⁹CNRS EMR 8228 Team Métabolism and renal physiology, Paris, France

¹⁰Cardiac and Vascular Surgery Department, Marie Lannelongue Hospital, Groupe Hospitalier Paris Saint-Joseph, Université Paris-Saclay, Paris, France

¹¹Department of Nephrology and Renal Transplantation, Assistance Publique-Hôpitaux de Paris, Bicetre Hospital, Le Kremlin-Bicêtre, France

¹²Department of Nephrology and Renal Transplantation, Foch Hospital, Suresne, France

¹³Univ. Lille, CHU Lille, Nephrology Department, Inserm U1167 - RID-AGE, Lille, France

¹⁴University Lille, CNRS, Inserm, CHU Lille, UMR9020-U1277 - CANTHER - Cancer Heterogeneity Plasticity and Resistance to Therapies, Lille, France

¹⁵Department of Pathology, CHU Lille, Lille, France

¹⁶Department of Internal Medicine, Percy Military Teaching Hospital, Clamart, France

¹⁷Department of Internal Medicine, Bégin Military Teaching Hospital, Saint-Mandé, France

¹⁸Sorbonne Paris-Nord University (Paris 13), Bobigny, France

¹⁹Department of Internal Medicine, Jean Verdier Hospital, HUPSSD AP-HP, Bondy, France

²⁰Centre de Recherche des Cordeliers, Institut National de la Santé et de la Recherche Médicale, Sorbonne Université, Université de Paris Cité, Team Immunopathology and immuno-intervention therapy, Paris, France

^✉

Corresponding author.

Contributed equally.

PMCID: PMC12877018 PMID: 41469481

Abstract

Rhabdomyolysis-induced acute kidney injury (RIAKI) involves complement activation, but its role as a therapeutic target remains unclear. We analyze urine and kidney biopsies from RIAKI patients and use a glycerol-induced mouse model to investigate complement activation and its contribution to RIAKI. Here we show that complement fragments Ba, Bb, C5a, and sC5b-9 are elevated in the urine of patients with RIAKI, and C3 staining is detected in injured tubules, often surrounded by C5aR1-expressing myeloid cells. However, pharmacologic C5 or C5aR1 inhibition fail to prevent RIAKI in mice. A kinetic analysis reveal that complement activation occurs later in the disease course, following early tubular injury and immune cell infiltration. Initial cytoprotective responses are rapidly overwhelmed, leading to tubular damage and chemokine-driven C5aR1-expressing myeloid cells recruitment. These findings suggest that complement cascade is not an initiating factor in RIAKI and underscore the multifactorial nature of this disease.

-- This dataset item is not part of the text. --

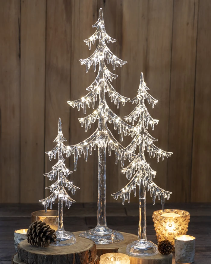 NEW! Resembling a miniature grove of trees after an ice storm, our Arctic Lit Trees are crafted of an acrylic composite with battery powered LED lights. Trees measure approximately 12″, 18″, and 25″ tall and the set of 3 arrives packaged together in Olive & Cocoa® gift wrap with ribbon.
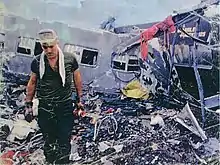A member of the rescue team. Behind him, a shattered passenger coach

Subject terms: Kidney, Complement cascade, Inflammation

Kinetic analysis of rhabdomyolysis-induced acute kidney injury reveals early tubular injury and immune cell infiltration precede complement activation. Initial protective responses fail quickly, leading to escalating damage. Timing highlights need for early, multi-targeted therapies.

Introduction

Acute kidney injury (AKI) is a common complication of numerous acute illnesses and is associated with increased mortality regardless of its etiology¹. AKI may occur because of medication nephrotoxicity, sepsis, surgery - particularly those associated with ischemia-reperfusion injury (IRI) or rhabdomyolysis. Rhabdomyolysis-induced acute kidney injury (RIAKI) can result from any cause of muscle damage such as trauma, hypoxia, strenuous exercise, medication, viral infections or drug abuse^2–4. RIAKI shares common features with other AKI associated with trauma, but also other AKI causes, such as IRI, hemodynamic changes, tubular injury and innate immune response, notably driven by inflammatory monocytes^5–7 and complement^8–10. Patient management in RIAKI remains primarily symptomatic due to the lack of specific treatments. A detailed understanding of individual susceptibility, the mechanisms of kidney injury and its kinetics is important for developing specific treatments and optimizing standard of care. Such insights could also help identify better renoprotective strategies for the victims of natural disasters or armed conflicts, when access to dialysis is not always available¹¹. The major determinant of kidney injury after rhabdomyolysis is the release into the circulation of muscle injury-derived danger-associated molecular patterns (DAMPs), including myoglobin¹², which causes vasoconstriction, distal nephron obstruction by casts, direct tubular toxicity¹³, oxidative stress and innate immune response, notably by inflammatory monocytes^5–7 and complement^8,9. In the era of complement therapeutics, a deeper understanding of where complement activation fits within the broader landscape of inflammatory and tissue injury pathways is essential to determine its potential as a viable therapeutic target.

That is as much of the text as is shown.